I also confirmed that all the other tests in src/test/recovery pass reliably
with the modified ConditionalLockBufferForCleanup (except for
027_stream_regress, where plans changed).

When I had overcome the failures with pg_authid/pg_class, I stumbled upon
other even more rare one (which occurs without modifying
ConditionalLockBufferForCleanup):
t/035_standby_logical_decoding.pl .. 42/?
#   Failed test 'inactiveslot slot invalidation is logged with on-access pruning'
#   at t/035_standby_logical_decoding.pl line 224.
But I think that's another case, which I'm going to investigate separately.

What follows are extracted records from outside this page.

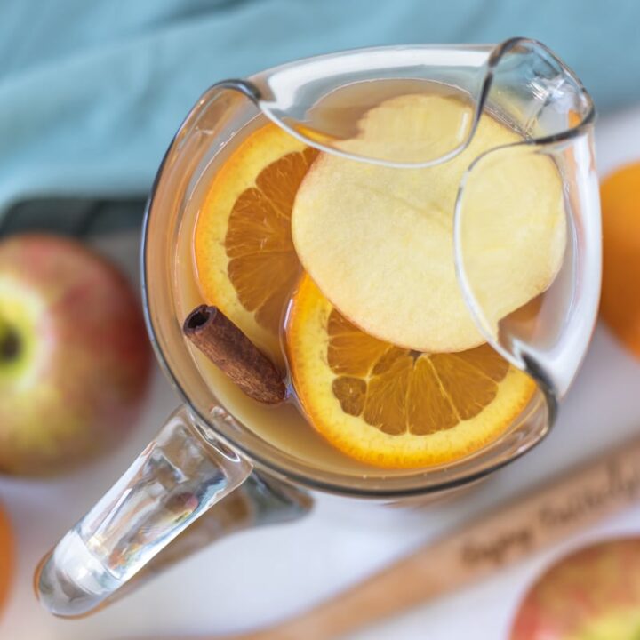 This Sweet Tea Harvest Punch is perfect for fall gatherings. It is made with black tea and perfectly sweetened with orange juice, apple cider, raw honey, and a hint of cinnamon. It’s great served cold or hot.
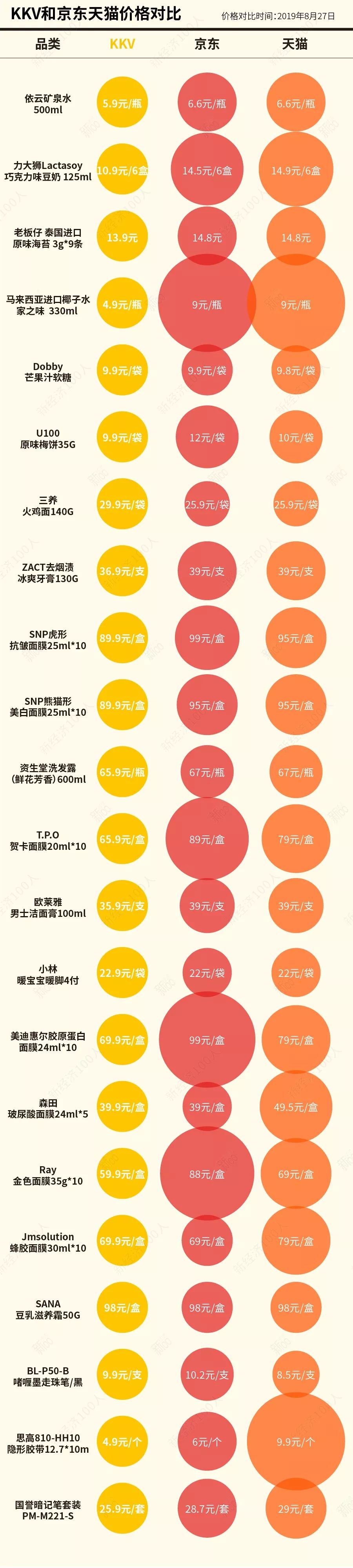 新经济100人抽样对比了KKV、京东、天猫的商品价格,抽样选取同规格、同种类的商品。结果如下图所示:
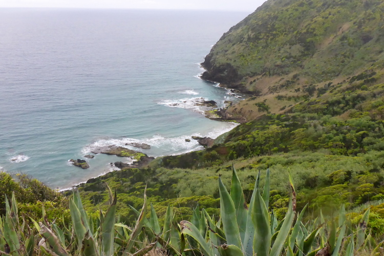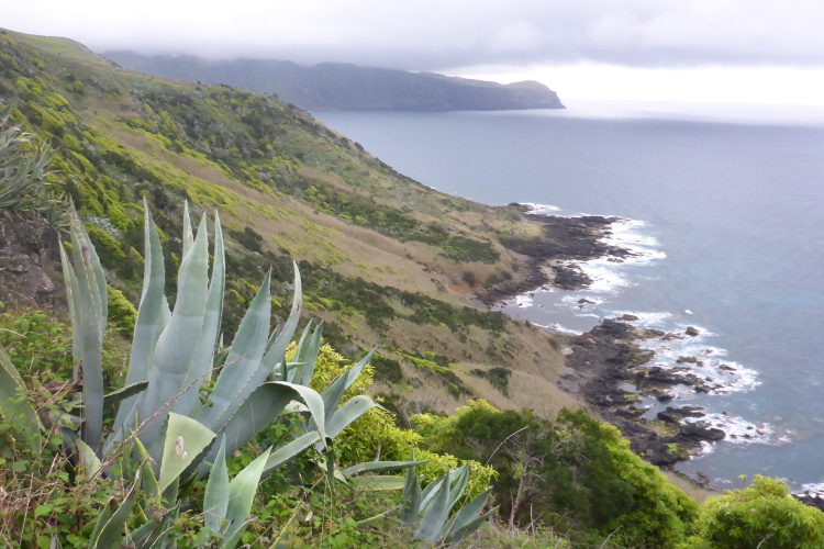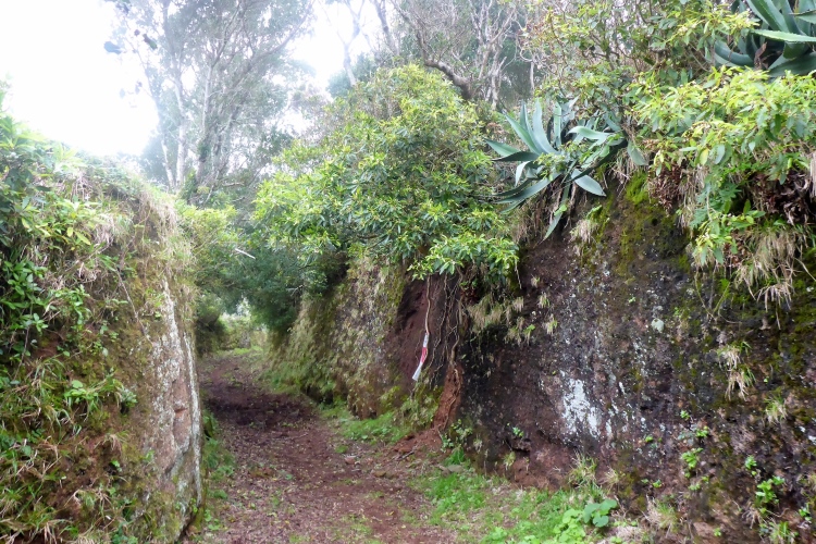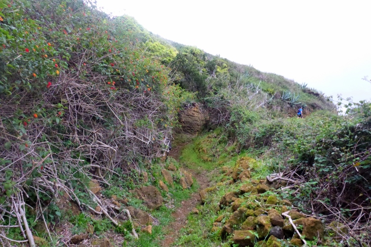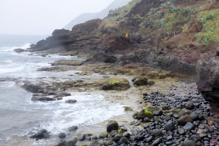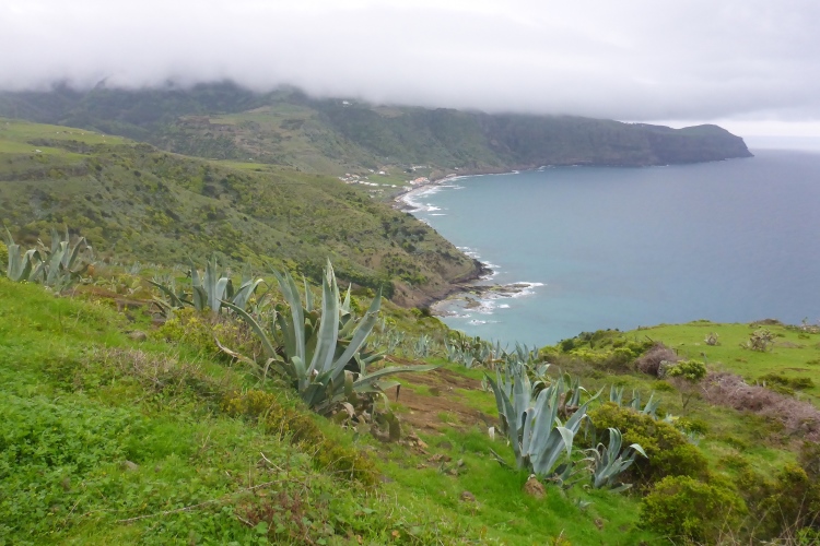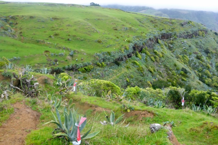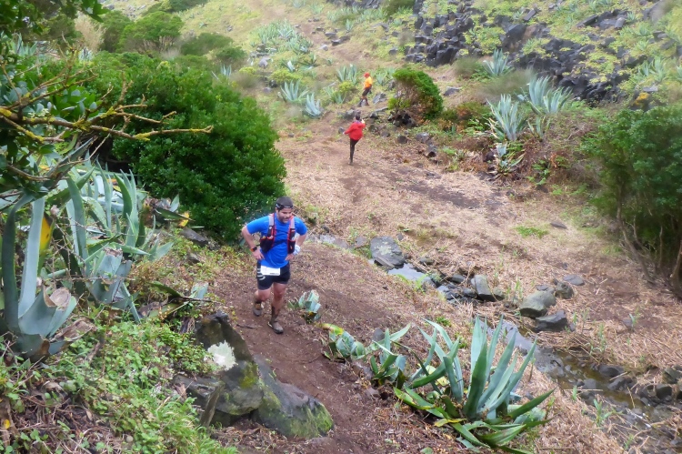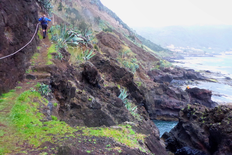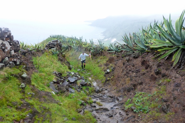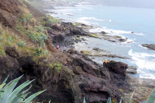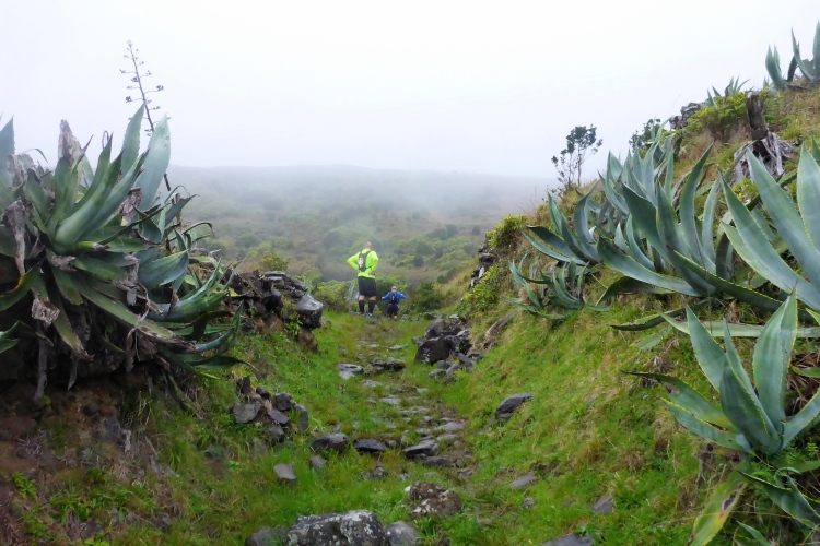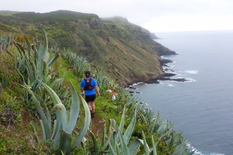 Dann geht es in häufigem Wechsel zwischen kurzen Auf- und Abstiegen entlang der Steilküste. Letztes Jahr fand die Premiere des Columbus Trail bei herrlichem Sonnenschein statt. Jetzt verhindern grauer Himmel, graues Meer und Wolken bis auf etwa 300 m Höhe typische Postkartenfotos. Doch Agaven und andere exotische Pflanzen um mich herum sowie die abwechslungsreiche Strecke versetzen mich trotzdem in eine andere Welt. Laufen, wo andere nur Urlaub machen - das ist MEIN Leben!

BTW, it looks like the comment:
# One way to produce recovery conflict is to create/drop a relation and
# launch a vacuum on pg_class with hot_standby_feedback turned off on the standby.
in scenario 3 is a copy-paste error.
Also, there are two "Scenario 4" in this test.

Long story short, VACUUM FREEZE should make skink greener, but still there
is another possibility for the 035 test to fail.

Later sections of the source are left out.